A 2002 Taxi 2000 business report () predicted a return on investors’ money by the end of the decade.

"After the first few installations have had several years of operating experience, which can be expected to occur in about six or seven years, explosive growth in deployments can be expected until the market saturates," the report stated.

Michael Andregg, a geneticist who teaches at the University of St.
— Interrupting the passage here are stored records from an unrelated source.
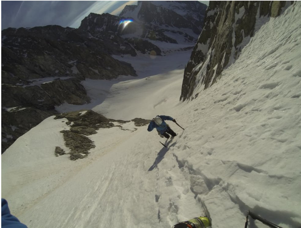
Conoide originale di salita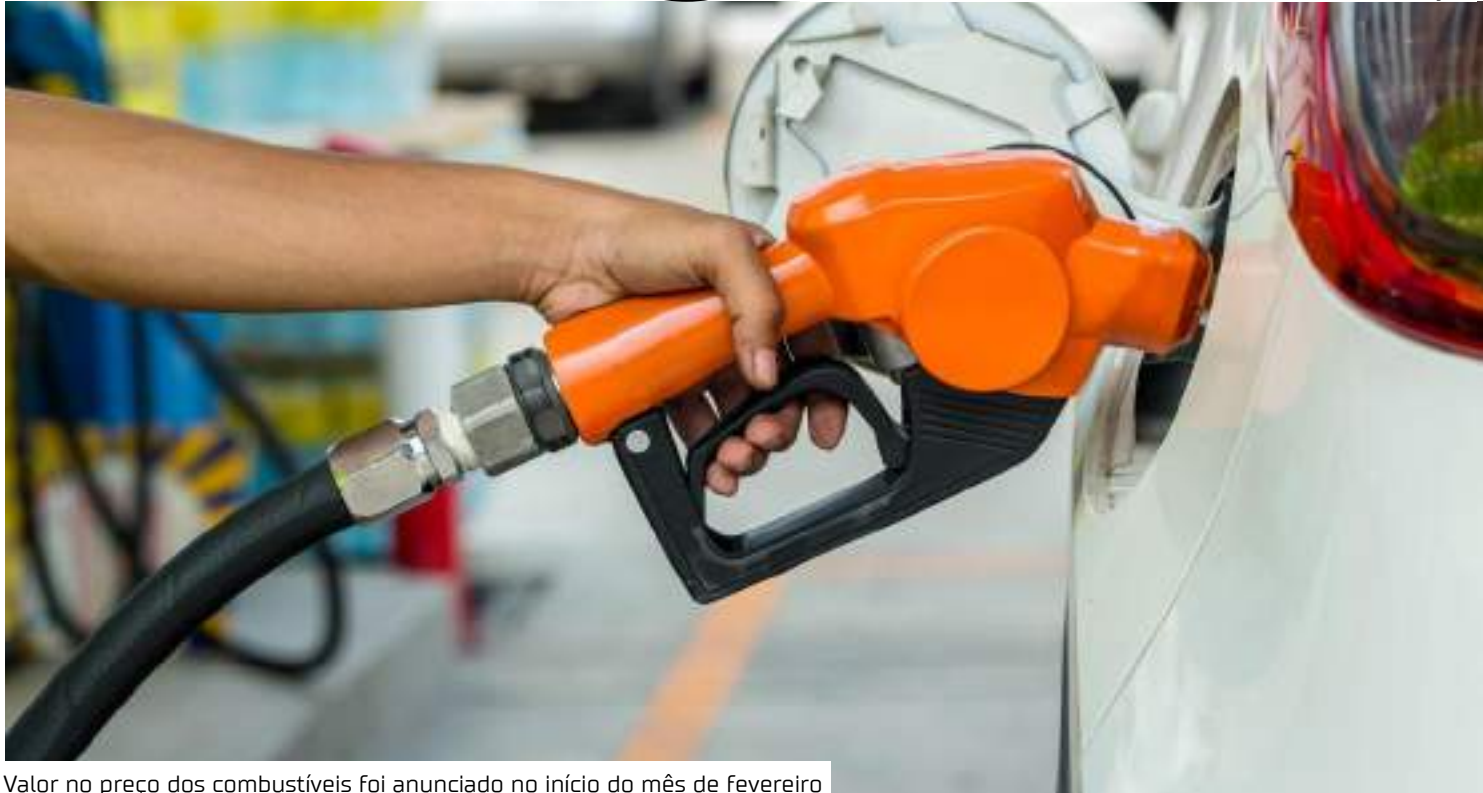
Valor no preço dos combustíveis foi anunciado no início do mês de fevereiro

impacto sobre o Índice Nacional de Preços ao Consumidor Amplo (IPCA), hoje já pressionado com o aumento no preço dos alimentos e que vai sofrer em fevereiro também com o custo do material escolar e com a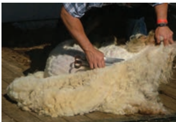
پشم‌چینی گوسفند با استفاده از دوکارد یا قیچی پشم‌چینی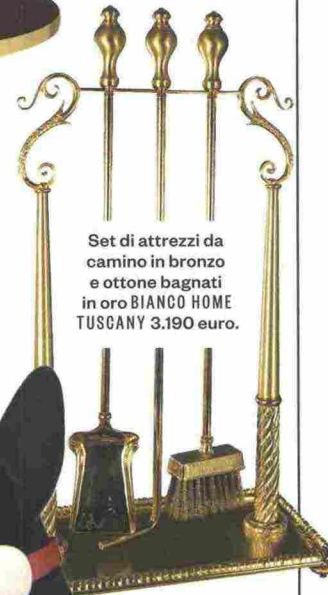
Set di attrezzi da camino in bronzo e ottone bagnati in oro BIANCO HOME TUSCANY 3.190 euro.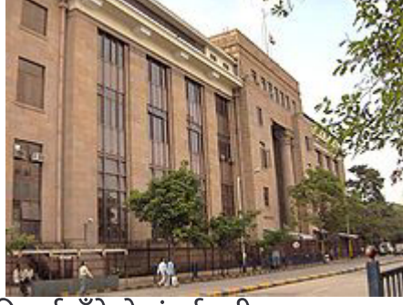
रिझर्व बँकेचे मुंबईमधील मुख्यालय

ब्रिटिशांनी त्यांच्या राजवटीत भारतात नागरी सेवा, भारतीय रिझर्व बँक, भारतीय रेल्वे अशा बऱ्याच सेवा चालू केल्या होत्या, स्वातंत्र्यानंतर भारतात त्या सेवा पुढे चालू राहिल्या. मुंबई ही भारताची आर्थिक राजधानी मानली जाते. भारतीय रिझर्व बँक, बॉम्बे स्टॉक एक्स्चेंज, आणि नॅशनल स्टॉक एक्स्चेंज ह्या महत्त्वाच्या संस्थांची मुख्यालये मुंबईत आहेत. तसेच बऱ्याच इतर खाजगी व सार्वजनिक वित्तसंस्थांची मुख्यालयेही मुंबईत आहेत.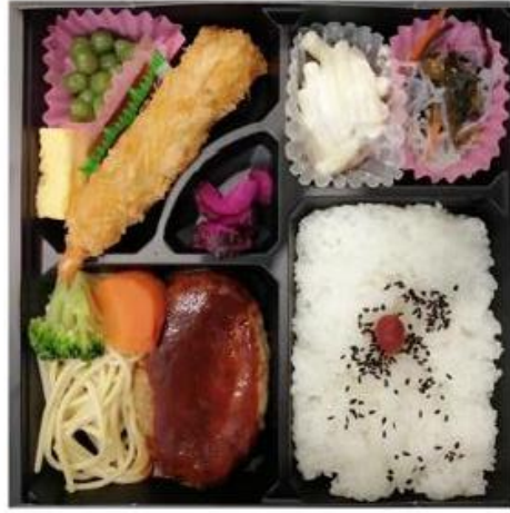
IM-1 ハンバーガー・エビフライ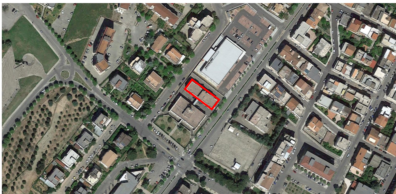
Stralcio ortofoto – Individuazione Edificio Alloggi Guardia di Finanza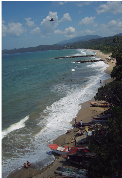
Figura 2. Vista de la extensa playa de La Sabana en donde se encuentra el pecio.

cuando se encuentran muy próximas, inmersas a unos seiscientos metros de la orilla, nadie había intentado extraerlas en ningún momento (figura 2). No obstante, la situación cambiaría en 2006, cuando unos pescadores foráneos conocieron el pecio. De inmediato, estos individuos comenzaron a buscar la manera de sustraer las culebrinas para venderlas ilegalmente y al mejor postor, asunto que lograrían, en parte. Desde entonces, el pecio La Sabana comenzó a tener relevancia fuera de las fronteras locales, involucrándose antropólogos, instituciones públicas con competencias en patrimonio cultural, algunos militares de la Armada Nacional y la propia comunidad de La Sabana.

Thomas, was an early investor in Taxi 2000.

“I didn’t put money into it as an investment,” he said. “I put money into it as an investment into a visionary company.”

Andregg is still hopeful about the future of PRT, but since Taxi 2000’s founder, J. Edward Anderson, left in 2005 and the company’s new leadership sued him for retaining proprietary information, Andregg said he has seen minimal efforts on the part of the company to reach out to shareholders and he considers the company’s promise to be lost.

“They exist but they’re kind of moribund in Fridley,” he said. “I don’t pay any attention to Taxi 2000.”

Taxi 2000 had as many as 14 employees during its design phase, but now Lester is the only full-time staff member.

“This is a company that’s been around for a while and it’s not produced a single pod system anywhere,” Avidor said. “How do they produce a profit?”